# Whats the difference??



## reynolds29 (Sep 7, 2009)

Hi everyone.
Can anyone help me out.? Why are there so many vw's out there, that look the same, but have different names? ie:

T4....T5...T30...T32. I don't understand. what is the difference between them all? please help!!


----------



## maingate (Sep 7, 2009)

reynolds29 said:


> Hi everyone.
> Can anyone help me out.? Why are there so many vw's out there, that look the same, but have different names? ie:
> 
> T4....T5...T30...T32. I don't understand. what is the difference between them all? please help!!

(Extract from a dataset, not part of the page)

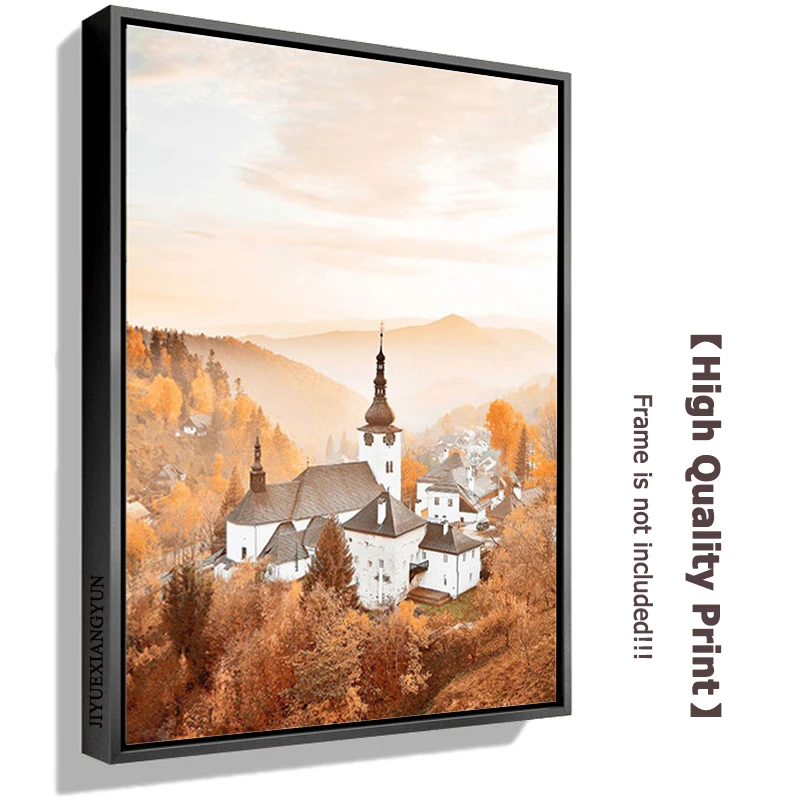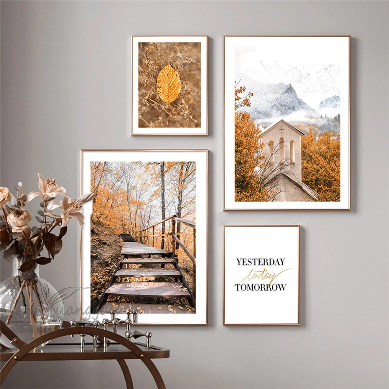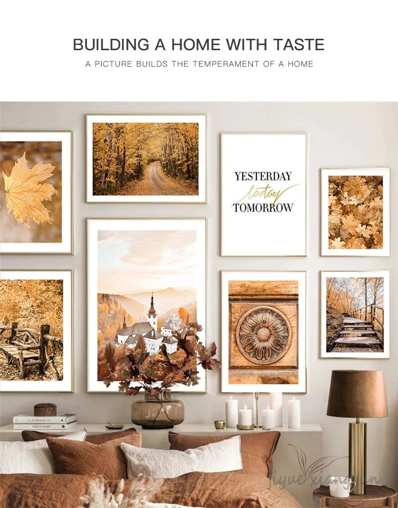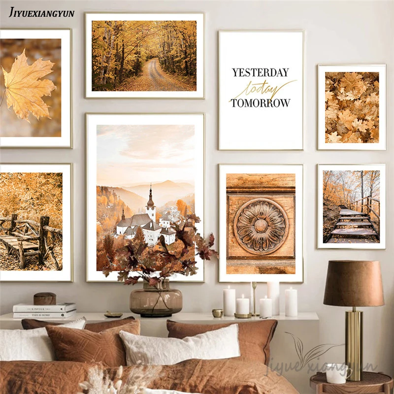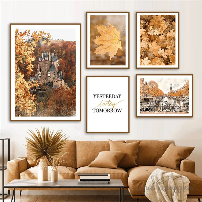 Осенний пейзаж природы кленовый лист сосна лес замок скандинавский настенный художественный холст живопись плакаты и принты современный декор для гостиной
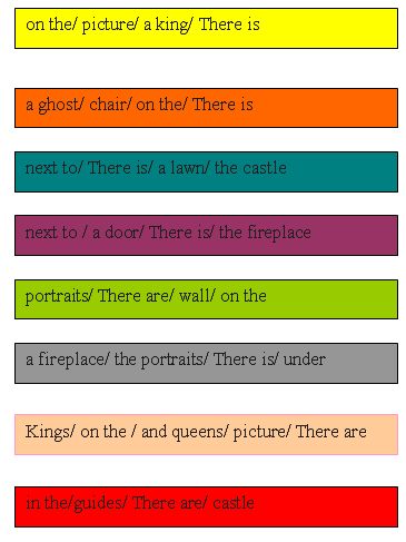 a forest / there is/ behind / the castle и т.д.

Its a German thing they have about numbers.

FW 190
Messerschmitt 109
Junkers 88

The poor Stuka must have felt awful without a number to its name.


----------



## robjmckinney (Sep 7, 2009)

*Stuka 87*

Was not the number for a Stuka 87!


----------



## maingate (Sep 7, 2009)

robjmckinney said:


> Was not the number for a Stuka 87!


Nobody likes a clever bugger


----------



## Nomad1 (Sep 7, 2009)

and what about Audi,,,,,audi 80,,audi 90,,audi 100

 then the a3,,a4,,a6,,a8 .

 yeah i agree it must be a german thing..


----------



## Firefox (Sep 7, 2009)

Stuka was a Junkers and had a number too... 80 something I think

As for the VW Transporters for rob, trot along to 

Volkswagen Commercial Vehicles - Wikipedia, the free encyclopedia

Under company highlights are links to all the T numbers with photos.


----------



## maingate (Sep 7, 2009)

Ve haf vays of making you Englanders confused


----------



## Firefox (Sep 7, 2009)

Yep, especially when the later generation type 2 was called the T3. I never quite realised that till I looked at the wiki website 

Anyway the VW transporters are like Apple Mac computers... nice machines but over-hyped with a cult following who will believe anything the company puts out and woe betide if you tell them otherwise


----------



## maingate (Sep 8, 2009)

> and woe betide if you tell them otherwise



You are correct.I believe a Polish chap did just that in 1939.


----------